Big data analytics deals with heterogeneous, complex and massive datasets to identify patterns that are hidden inside enormous volumes of data. ITER is expected to acquire more than 1 Tbyte of data per discharge. This amount of data comes from hundreds of thousands of signals acquired in each discharge. Signals can be time/amplitude series, temporal evolution of profiles and video-movies (infra-red and visible cameras). Therefore, the ITER database satisfies the conditions of heterogeneity, complexity, size and hidden patterns to use big data techniques.
ITER is a device not focused on basic research on plasma physics. Its aim is to produce high performance plasmas to approach the operation to reactor regimes. Vast amounts of hidden information will remain in the ITER databases and it will be worth to extract as much knowledge as possible from the data. Due to the large number of signals per discharge and the shot duration (30 minutes), automatic methods of data analysis will be necessary.

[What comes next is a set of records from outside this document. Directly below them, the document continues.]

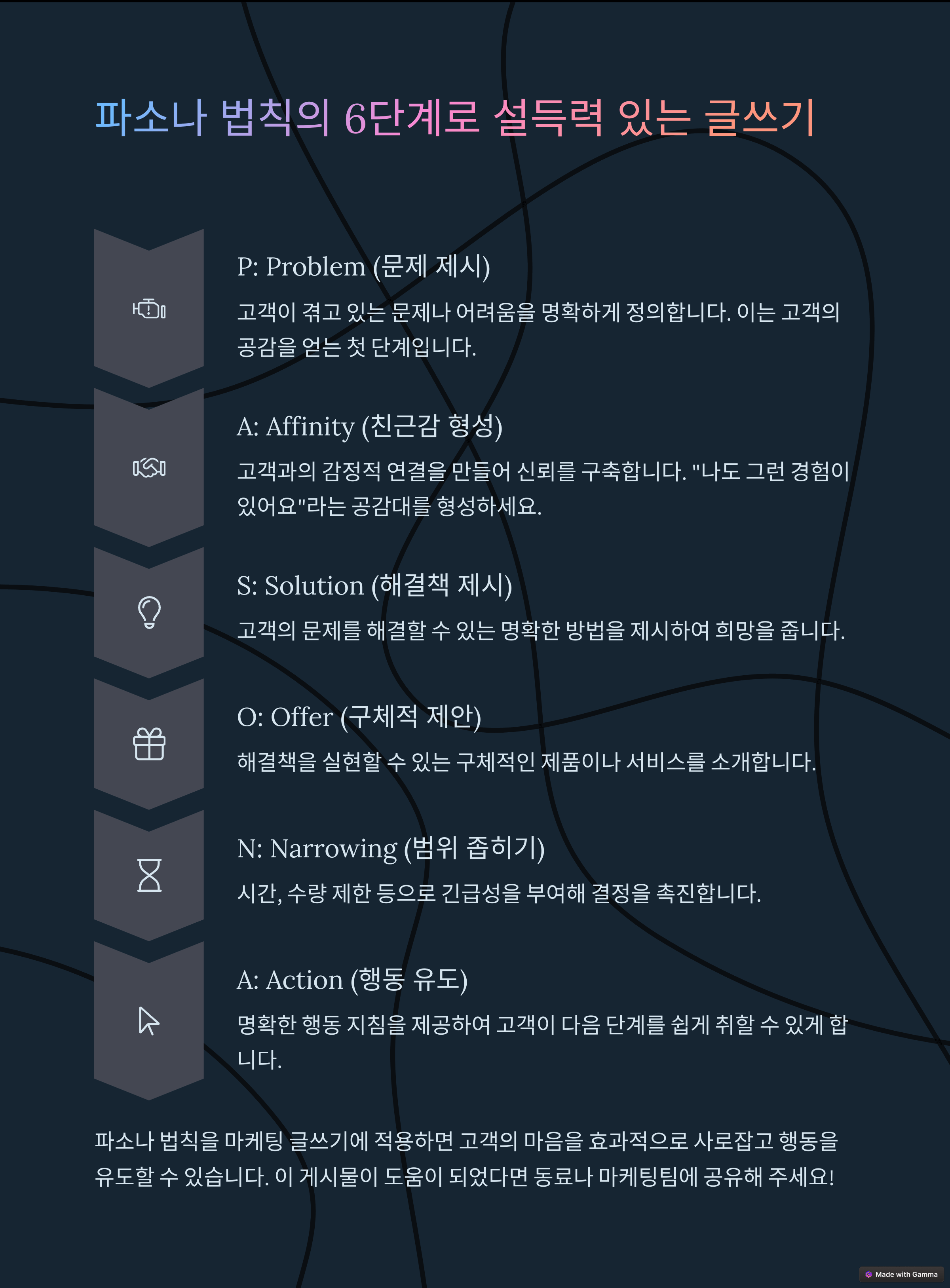 파소나 법칙은 단순히 정보를 전달하는 게 아니라, 독자의 심리적 여정을 설계하는 방식이기 때문이에요. 감정의 흐름을 따라 자연스럽게 설득당하게 되는 구조죠.
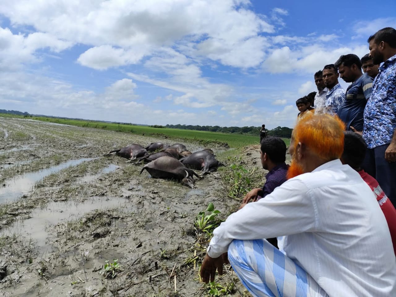 বৃহস্পতিবার (২৫ সেপ্টেম্বর) দুপুর আনুমানিক ৩টার দিকে এ ঘটনা ঘটে। মৃত মহিষগুলোর বর্তমান বাজারমূল্য প্রায় ২০ লাখ টাকা বলে ধারণা করা হচ্ছে।
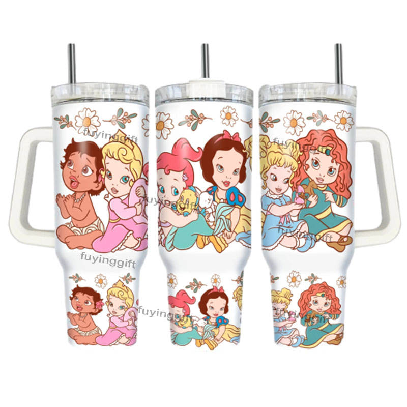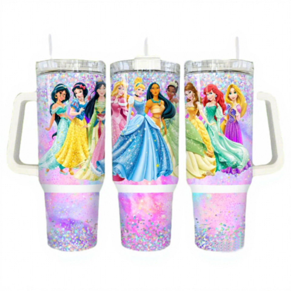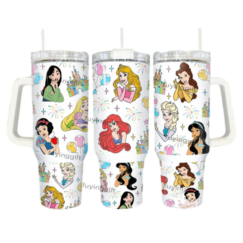 Custom logo 40oz Cartoon Princess Stainless Steel Vacuum Tumbler Insulted Water Bottle Thermal Cup with Handle and Straw
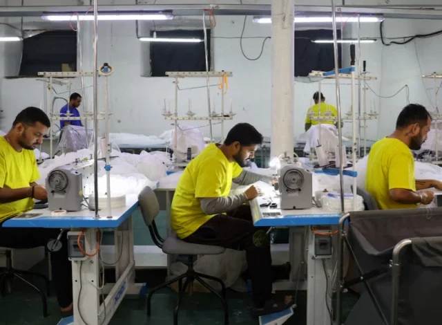 Raj, 32, Shail, 30, and Gaurav, 23 (no last names given), migrant workers from India, sew tulle fabric at a textile factory in the town of Balashikha outside Moscow, Russia, January 20, 2026. PHOTO: REUTERS

This work puts the focus on the use of big data algorithms for the automatic recognition of plasma relevant events in huge databases of nuclear fusion devices. A relevant event can be any kind of anomaly (or perturbation) in the plasma evolution. This is revealed in the temporal evolution signals as (more or less) abrupt variations (for instance in amplitude, noise, or sudden presence/suppression of patterns with periodical structure). Examples of events can be the input of additional power, gas injection, confinement transitions or diagnostic perturbative methods. Obviously, the automatic searching process for relevant events will have to find the above examples but the most interesting cases will be those ones whose temporal location is not explicitly related to known phenomena.

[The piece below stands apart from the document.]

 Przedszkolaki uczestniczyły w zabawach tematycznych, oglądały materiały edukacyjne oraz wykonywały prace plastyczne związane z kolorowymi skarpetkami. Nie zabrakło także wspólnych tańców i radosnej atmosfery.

A first step to perform automatic data analysis is to recognise anomalies in individual signals. A second step is to determine characteristic times of anomalies. A third step is to identify the set of signals that show interesting patterns in the same intervals. As mentioned, the phenomenology behind these patterns can be unknown and it will be necessary to put together signals and time intervals that can correspond to the same type of physics event. To accomplish this, the fourth step is to use unsupervised clustering techniques to assign labels to each class of physics event. Once the clusters are formed, the fifth step is the creation of supervised learning classifiers for the automatic recognition of physics events. After having determined the different groups, there will be available sets of common signals and temporal locations where the same patterns appear. Therefore, there will be statistical relevance to look for a physics interpretation of the different labels found. It should be emphasised that after an off-line analysis, steps 1, 2 and the classifications resulting from step 5 can be carried out in real-time.
Specific details about these 5 steps will be given with emphasis on techniques of steps 1 and 2.